A nature mandala (Photo by Randi Martin)
To create your own mandala, start in a yard, park, beach or field, collecting objects that catch your eye. Please ensure that you are only using materials found in your backyard, or an area that is not protected or sensitive. If possible, place the materials back when your activity is complete. Then, starting from the middle, arrange the materials in concentric circles. These can be made large and small, detailed or simple, and in pairs or alone. Try taking turns placing “rings” to see what you can create with a partner. This photo from my colleague Randi Martin is a large and simple nature mandala that was created collectively during an outdoor retreat.
3. Watercolour landscapes
Another activity that I love for all ages is small-scale watercolour landscapes. While sitting outside, try using watercolour paints on a postcard or smaller sized paper (thick and slightly textured is best) to capture something that you see; it can be as small as a single flower, or the whole scene. Watercolour is a really forgiving medium and suits the landscape style perfectly. Look often between your subject and your painting, and don’t worry about capturing it exactly.

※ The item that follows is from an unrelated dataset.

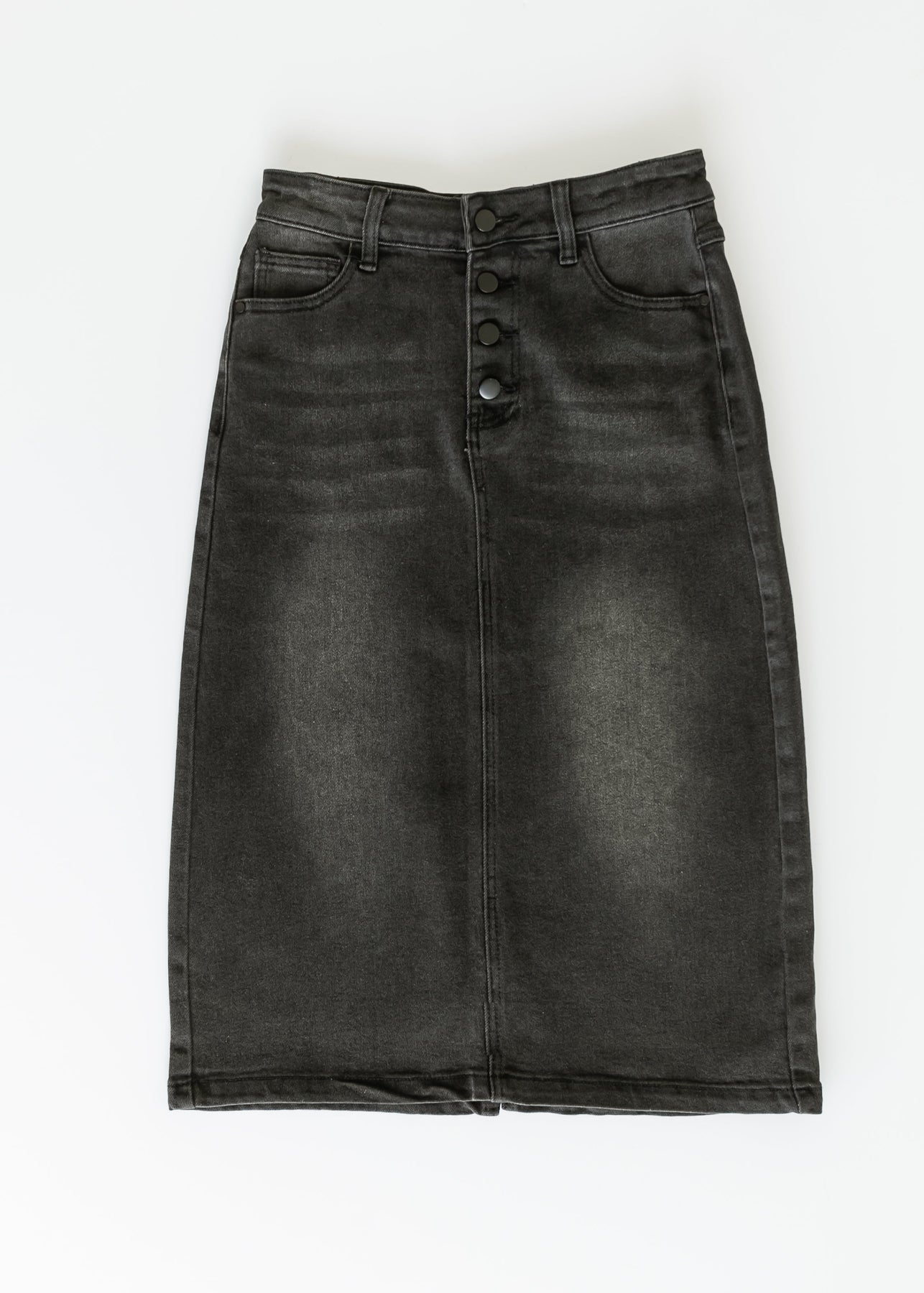 The Tiffany Raw Hem Midi Skirt is a versatile piece made for effortless, modest style. Crafted from soft black denim with a hint of stretch, it moves with grace through every season. The raw hem and button-front detail bring a modern touch, while the classic silhouette flatters beautifully. Designed with care and intention, this skirt is truly threaded with purpose™.

KB: What would you say to someone who is thinking about taking up a nature-based art activity like this but isn’t sure how or where to start?
EH: I think the best way to start is doing an art activity or hobby that is already familiar and enjoyable to you is to do it outdoors! It’s a great way to ease in and experience the healing and soothing benefits in an accessible way. Notice how your body and mind feel before starting, and afterwards, make notes of any changes.